Lt. Kom. Dater würde sagen: 
_"Ich verstehe es nicht ganz, aber: Faszinierend"_


----------



## ein Angler (9. Oktober 2012)

*AW: Ich kann keinen Fisch schlachten*

Hi Leute
Ich habe eigentlich sagen wollen das wenn ich einen Fisch fange der groß genug ist, mir dann auch zum essen reicht. Ich werde doch aber nicht mein Angelkram einpacken und abhauen. Nun fange ich den nächsten und wie der Zufall es so will sieht die Fischereiaufsicht das ich ihn zurücksetze.
Da es ja zur Geldbuße kommen kann habe ich gedacht ich sage ich kann keinen Fisch töten.

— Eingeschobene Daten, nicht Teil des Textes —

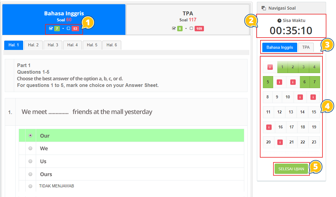 No. 3 Navigasi bidang soal,untuk membantu peserta ujian memeriksa soal yang belum dijawab berdasarkan bidang soal, misal Bahasa Inggris / TPA
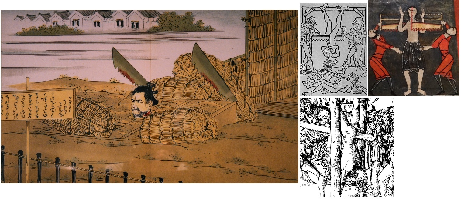 さらには罪人を逆さに固定し、股から逆に身体を挽くことでさらに苦痛を長引かせることもあった。
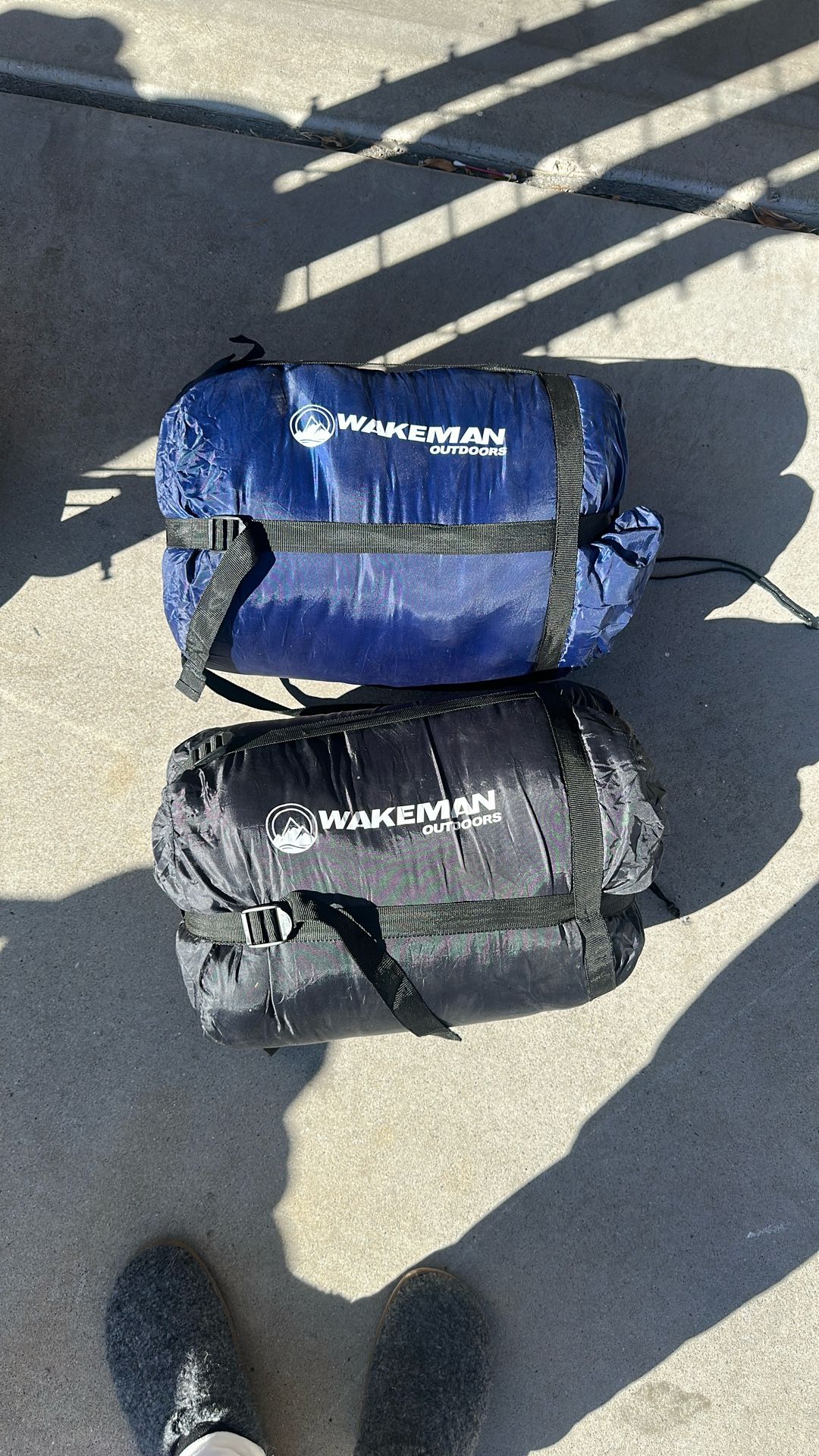 Wakeman outdoor sleeping bags, very light weight but super comfy, durable and warm $15 each or $25 for both
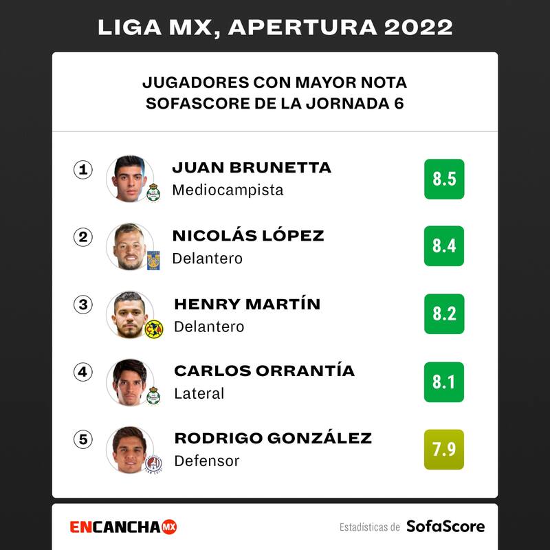 Aunque la jornada 6 llegó después de la primera fecha doble del certamen, entre los mejores partidos estuvieron el de Santos contra Atlas y el de León contra América. Resultado de esto fue que tres jugadores de estos encuentros aparecieron entre los mejores calificados por su desempeño según Sofascore.

Wie ist das dann gesetzlich geregelt. |kopfkrat Meine Würmer die ich suche verangel ich auch selber. .
Andreas


----------



## bottito (9. Oktober 2012)

*AW: Ich kann keinen Fisch schlachten*



Friedfisch-Spezi schrieb:


> Gruß#h



Weil das die gültige Gesetzeslage ist. Da gibt es keinen Diskussionsspielraum...


----------



## gaerbsch (9. Oktober 2012)

*AW: Ich kann keinen Fisch schlachten*

Jetzt versteh ich gar nix mehr. Wenn das Fanglimit erreicht ist hast du die Sachen zu packen und nach Hause zu gehen. Da kannste der Fischereiaufsicht erzählen was du willst, da ist die Karte weg wenn sie nen schlechten Tag hat...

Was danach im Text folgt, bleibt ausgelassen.